#### WHAT IS NEEDED:
Write out every entry below exactly as it appears. Pictures do not belong in the copy.

#### PROVIDED ENTRIES:
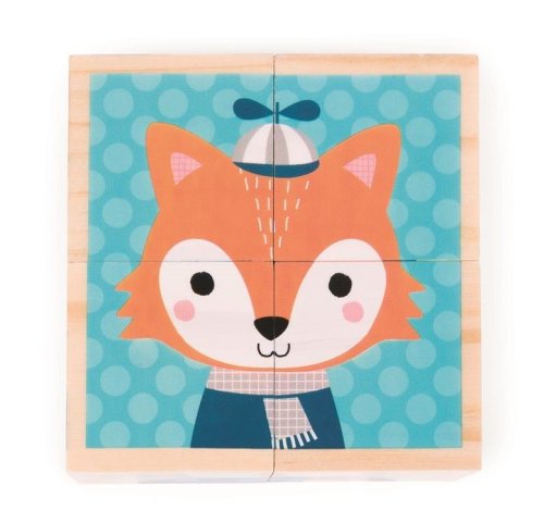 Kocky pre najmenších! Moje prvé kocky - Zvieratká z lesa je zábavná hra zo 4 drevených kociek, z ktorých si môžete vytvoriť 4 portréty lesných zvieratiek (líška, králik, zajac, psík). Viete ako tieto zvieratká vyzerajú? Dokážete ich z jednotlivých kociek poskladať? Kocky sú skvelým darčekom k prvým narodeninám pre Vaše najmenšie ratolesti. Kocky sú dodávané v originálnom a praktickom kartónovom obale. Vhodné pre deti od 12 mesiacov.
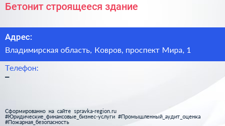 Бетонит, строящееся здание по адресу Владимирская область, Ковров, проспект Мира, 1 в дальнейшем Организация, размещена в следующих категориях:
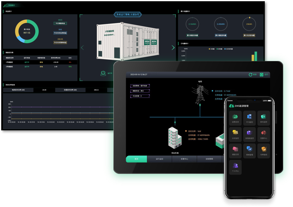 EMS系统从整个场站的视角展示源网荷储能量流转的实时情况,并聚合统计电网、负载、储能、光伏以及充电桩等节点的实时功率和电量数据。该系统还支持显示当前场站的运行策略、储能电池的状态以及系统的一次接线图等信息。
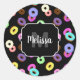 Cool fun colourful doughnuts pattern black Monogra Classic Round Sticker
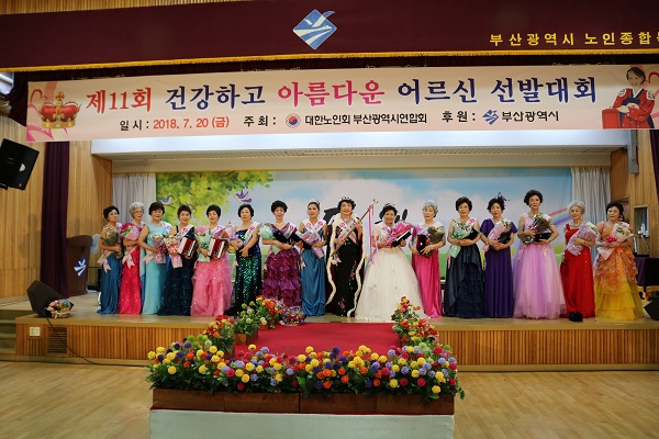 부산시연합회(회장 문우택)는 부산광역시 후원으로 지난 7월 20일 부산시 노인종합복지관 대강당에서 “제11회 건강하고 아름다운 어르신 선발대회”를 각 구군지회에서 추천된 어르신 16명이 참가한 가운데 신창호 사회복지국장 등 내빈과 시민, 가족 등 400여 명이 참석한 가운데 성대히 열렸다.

#### RESPONSE BELOW:
 Kocky pre najmenších! Moje prvé kocky - Zvieratká z lesa je zábavná hra zo 4 drevených kociek, z ktorých si môžete vytvoriť 4 portréty lesných zvieratiek (líška, králik, zajac, psík). Viete ako tieto zvieratká vyzerajú? Dokážete ich z jednotlivých kociek poskladať? Kocky sú skvelým darčekom k prvým narodeninám pre Vaše najmenšie ratolesti. Kocky sú dodávané v originálnom a praktickom kartónovom obale. Vhodné pre deti od 12 mesiacov.
 Бетонит, строящееся здание по адресу Владимирская область, Ковров, проспект Мира, 1 в дальнейшем Организация, размещена в следующих категориях:
 EMS系统从整个场站的视角展示源网荷储能量流转的实时情况,并聚合统计电网、负载、储能、光伏以及充电桩等节点的实时功率和电量数据。该系统还支持显示当前场站的运行策略、储能电池的状态以及系统的一次接线图等信息。
 Cool fun colourful doughnuts pattern black Monogra Classic Round Sticker
 부산시연합회(회장 문우택)는 부산광역시 후원으로 지난 7월 20일 부산시 노인종합복지관 대강당에서 “제11회 건강하고 아름다운 어르신 선발대회”를 각 구군지회에서 추천된 어르신 16명이 참가한 가운데 신창호 사회복지국장 등 내빈과 시민, 가족 등 400여 명이 참석한 가운데 성대히 열렸다.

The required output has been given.